◆ Source records:
────────────────────────────────────────

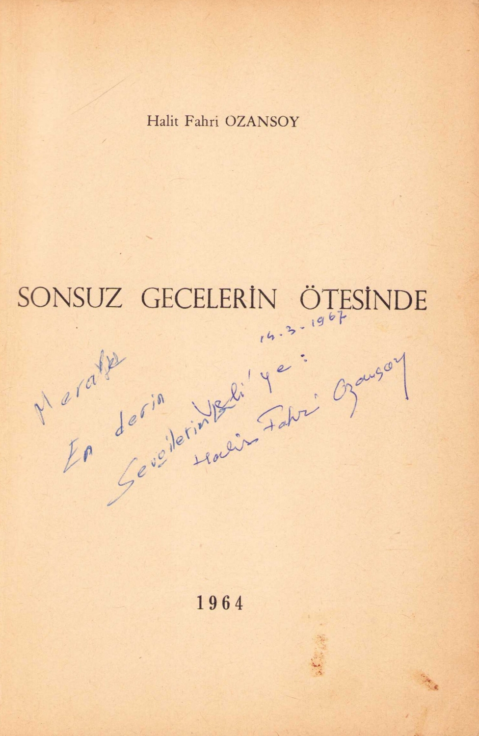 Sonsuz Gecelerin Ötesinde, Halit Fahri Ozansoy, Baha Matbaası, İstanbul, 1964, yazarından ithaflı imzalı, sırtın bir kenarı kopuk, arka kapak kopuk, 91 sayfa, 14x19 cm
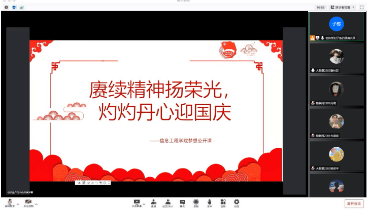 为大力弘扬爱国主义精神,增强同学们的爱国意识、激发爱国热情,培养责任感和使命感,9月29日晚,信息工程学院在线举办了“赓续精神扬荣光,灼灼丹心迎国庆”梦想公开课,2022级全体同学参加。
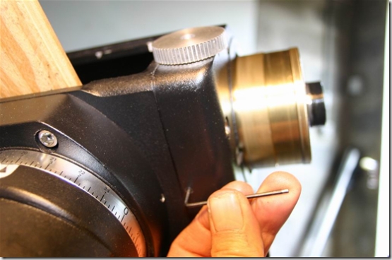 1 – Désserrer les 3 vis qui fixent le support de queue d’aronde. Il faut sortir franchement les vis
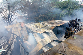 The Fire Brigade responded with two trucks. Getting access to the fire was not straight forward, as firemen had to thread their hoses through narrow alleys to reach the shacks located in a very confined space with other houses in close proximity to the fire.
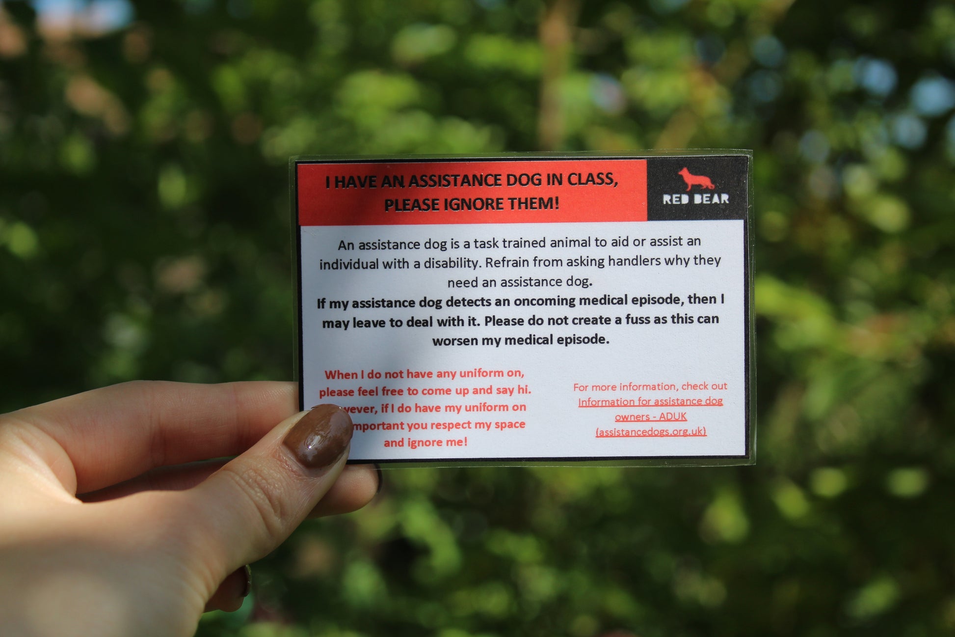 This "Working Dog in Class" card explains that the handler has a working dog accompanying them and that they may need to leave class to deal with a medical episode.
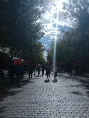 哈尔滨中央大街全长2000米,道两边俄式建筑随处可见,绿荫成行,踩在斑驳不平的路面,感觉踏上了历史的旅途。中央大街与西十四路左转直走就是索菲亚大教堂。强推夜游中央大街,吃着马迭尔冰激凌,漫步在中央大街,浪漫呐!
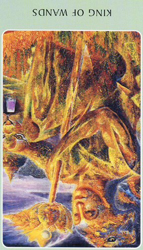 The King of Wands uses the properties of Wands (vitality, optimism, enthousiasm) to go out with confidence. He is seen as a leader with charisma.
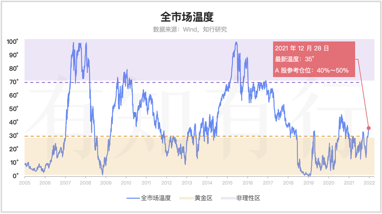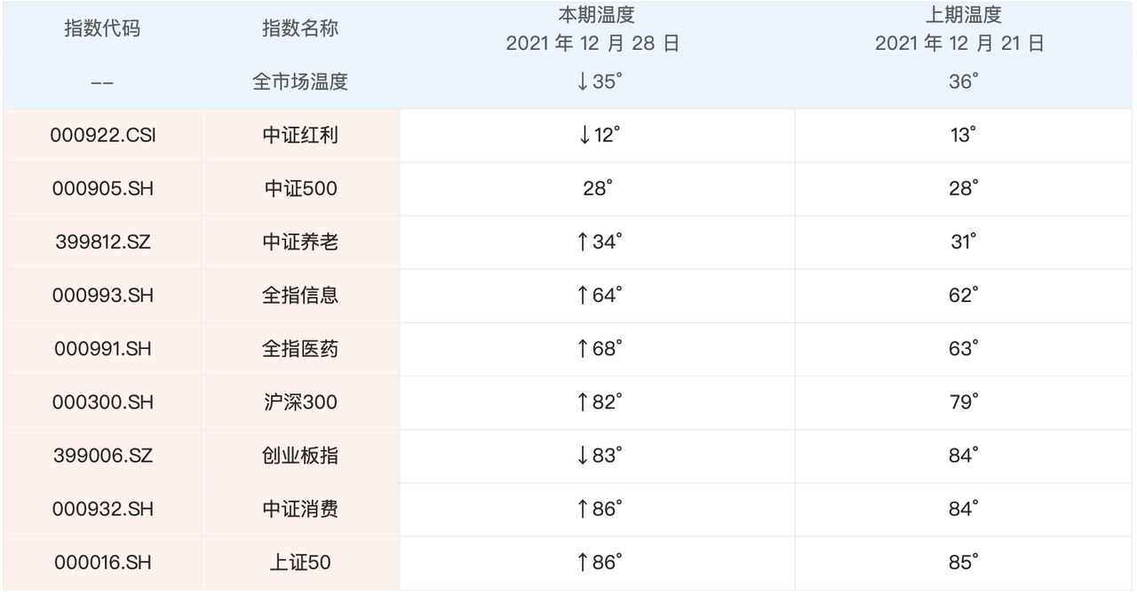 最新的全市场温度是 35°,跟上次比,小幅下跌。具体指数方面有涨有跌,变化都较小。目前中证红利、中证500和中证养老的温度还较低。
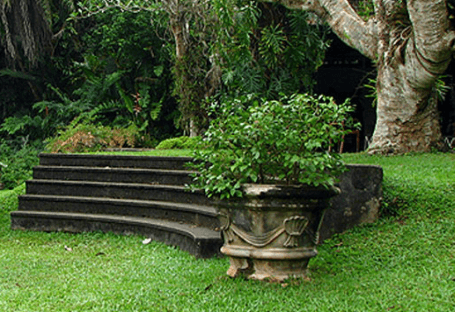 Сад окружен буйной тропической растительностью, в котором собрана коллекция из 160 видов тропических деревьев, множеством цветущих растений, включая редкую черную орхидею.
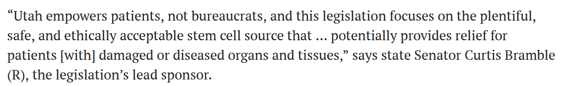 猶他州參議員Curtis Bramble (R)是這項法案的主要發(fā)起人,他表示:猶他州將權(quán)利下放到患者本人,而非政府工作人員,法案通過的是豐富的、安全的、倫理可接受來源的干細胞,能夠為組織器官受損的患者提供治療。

────────────────────────────────────────

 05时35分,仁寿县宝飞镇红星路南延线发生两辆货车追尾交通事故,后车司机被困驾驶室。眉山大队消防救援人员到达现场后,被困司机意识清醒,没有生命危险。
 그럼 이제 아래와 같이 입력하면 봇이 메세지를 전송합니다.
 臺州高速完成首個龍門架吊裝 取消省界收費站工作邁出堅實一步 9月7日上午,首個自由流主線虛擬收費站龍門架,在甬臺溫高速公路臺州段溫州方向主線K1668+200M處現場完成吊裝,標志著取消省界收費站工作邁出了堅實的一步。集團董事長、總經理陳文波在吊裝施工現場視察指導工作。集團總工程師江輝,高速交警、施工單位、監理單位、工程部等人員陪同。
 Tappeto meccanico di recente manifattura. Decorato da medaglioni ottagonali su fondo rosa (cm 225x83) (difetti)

────────────────────────────────────────

◆ Exercise brief: Would you please write out, exactly and with no other lines, the stretch of the listing above from the line containing "그럼 이제 아래와 같이 입력하면 봇이 메세지를 전송합니다." through the line containing "Tappeto meccanico di"?

◆ Task response:
 그럼 이제 아래와 같이 입력하면 봇이 메세지를 전송합니다.
 臺州高速完成首個龍門架吊裝 取消省界收費站工作邁出堅實一步 9月7日上午,首個自由流主線虛擬收費站龍門架,在甬臺溫高速公路臺州段溫州方向主線K1668+200M處現場完成吊裝,標志著取消省界收費站工作邁出了堅實的一步。集團董事長、總經理陳文波在吊裝施工現場視察指導工作。集團總工程師江輝,高速交警、施工單位、監理單位、工程部等人員陪同。
 Tappeto meccanico di recente manifattura. Decorato da medaglioni ottagonali su fondo rosa (cm 225x83) (difetti)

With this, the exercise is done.